Roxie's Angels
by Judianne Lee
Lulu

"I loved being with this incredible person who so clearly loved me and loved being with me.... When days are tough for me I think of Johanna.... She is one of my angel crew."

It's the 1950s, and teenager Roxie Rayburn whirls from cheerleading practice to movie matinees to her first prom. Roxie also has a violent, mentally ill mother and a father who can't bring himself to permanently institutionalize her. In a journal, Roxie chronicles her life.

Lee word-paints beautiful pictures of the things that matter to Roxie–the Arizona landscape, her horses, crinolines, her first car. The 1950s backdrop is well-set, as is the sharp division between her father's ranch and mother's house in a nearby town, where some horrific abuse occurs. There is deep reflection as Roxie journals about the abuse as well as about books, world events and the role of women. She dreams of being a judge. She wonders about her birth mother, who gave her up as a toddler.

Lee's characters are well-drawn and complexly gray. Even Roxie's mother, Ida, commands some sympathy. The failure of Roxie's father to put her safety above his desire to keep Ida home is wrenchingly told. At one emotional apex, Roxie, in fear of her mother, bars her bedroom door with two bolts and a dresser.

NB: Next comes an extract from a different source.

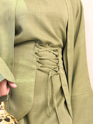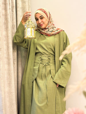 This set includes a sleeveless basic dress, a kaftan, and a corset belt—perfect for layering and creating a look that’s uniquely yours. Available in three stunning colors—bronze orange, green, and beige—the soft linen fabric keeps you cool and comfortable, while the design offers a chic, modest silhouette.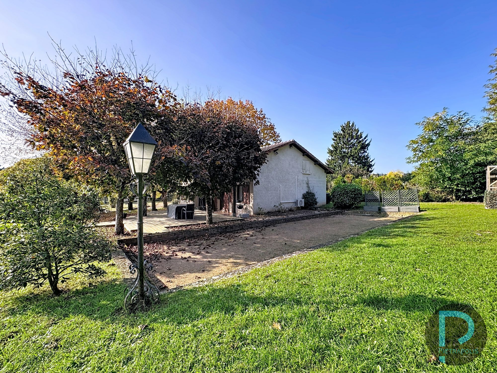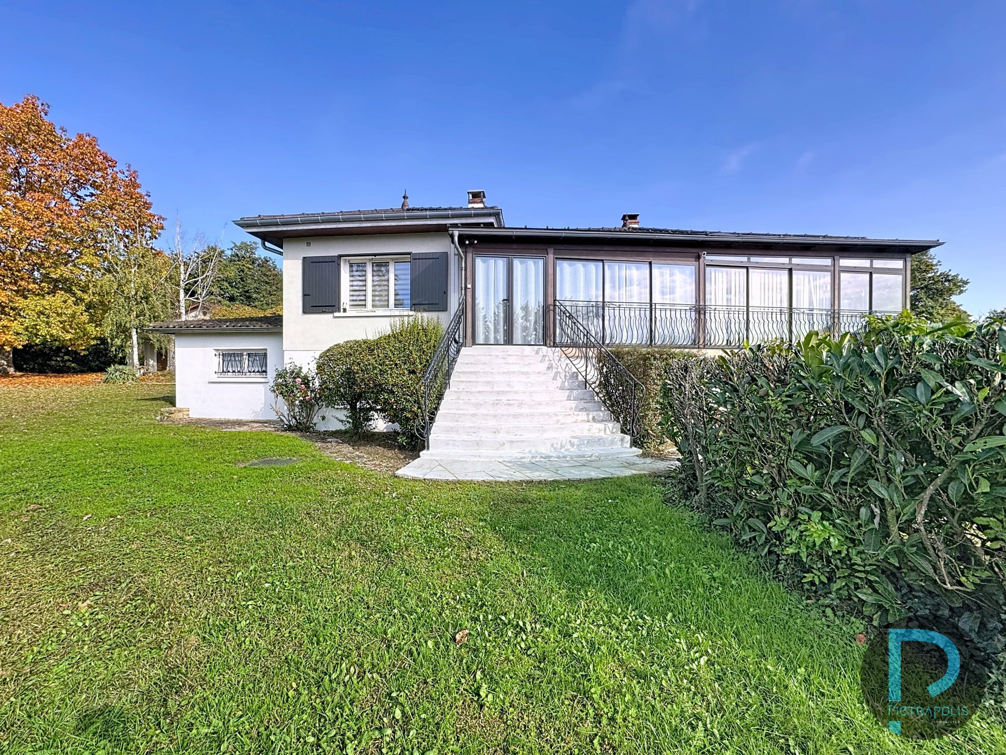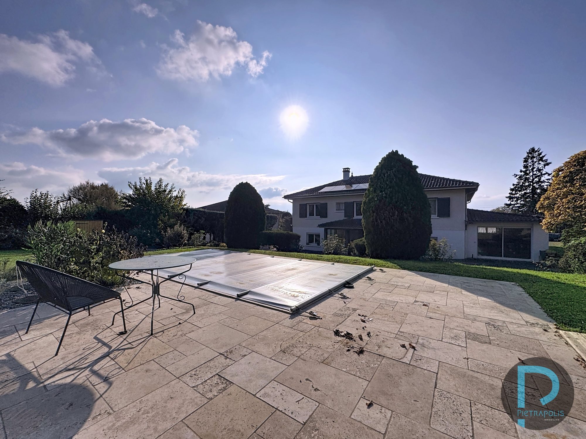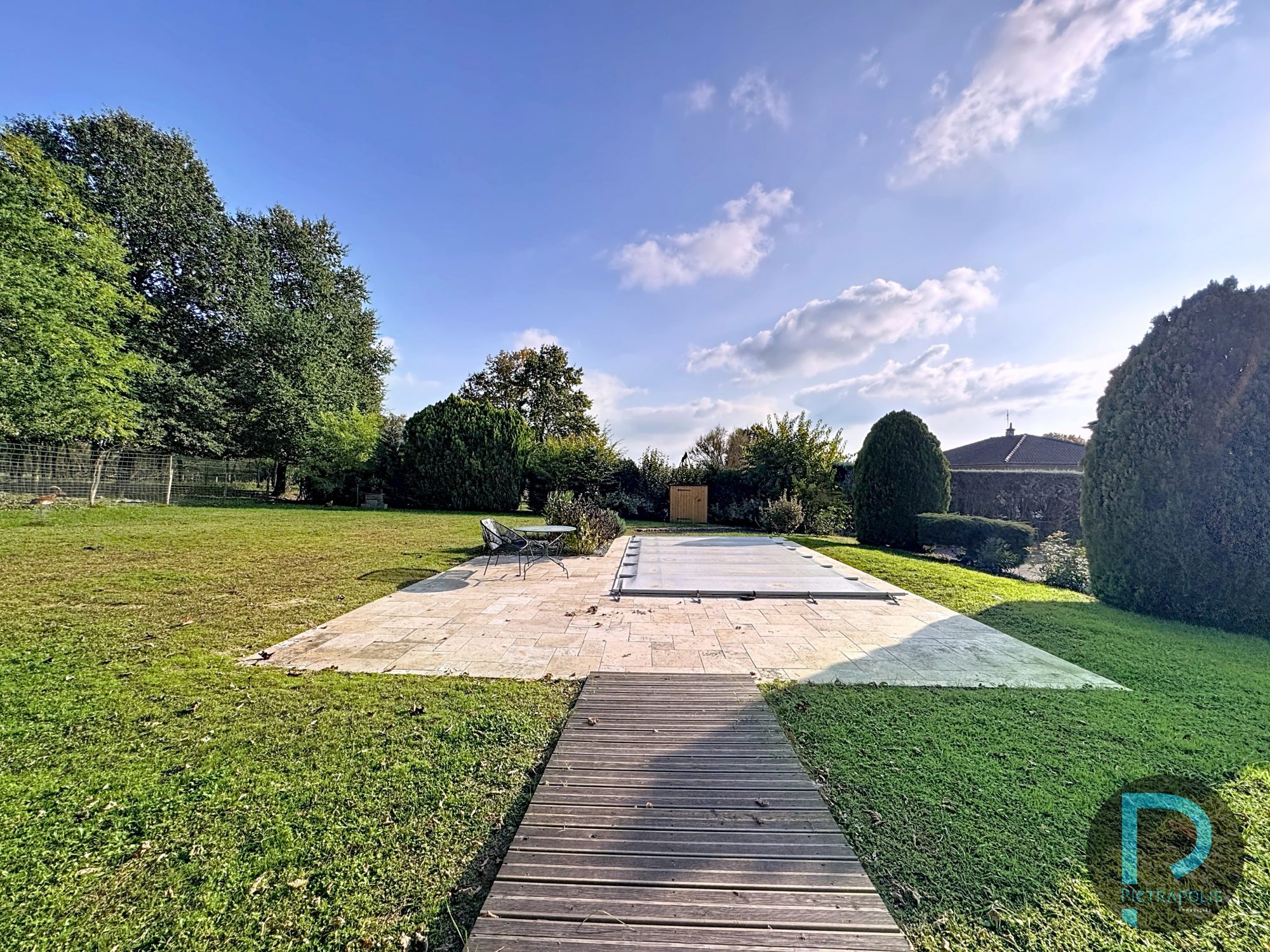 Extérieurs: Le terrain de plus de 8 000 m² offre une piscine également, sans vis-à-vis, agrémenté d’espaces verts, d’arbres matures et d’un vaste potentiel d’aménagement.

The writing is strong throughout but intermittently sings, including when Roxie recalls an elderly neighbor's face as "a treasure of angles and lines." So, too, is grief finely handled in the deaths of a rancher and a horse.

Lee deftly makes her intended point that Roxie's survival is due to a band of living angels–from teachers to neighbors to ranch hands who deeply love her, physically care for her, and ultimately save her from Ida.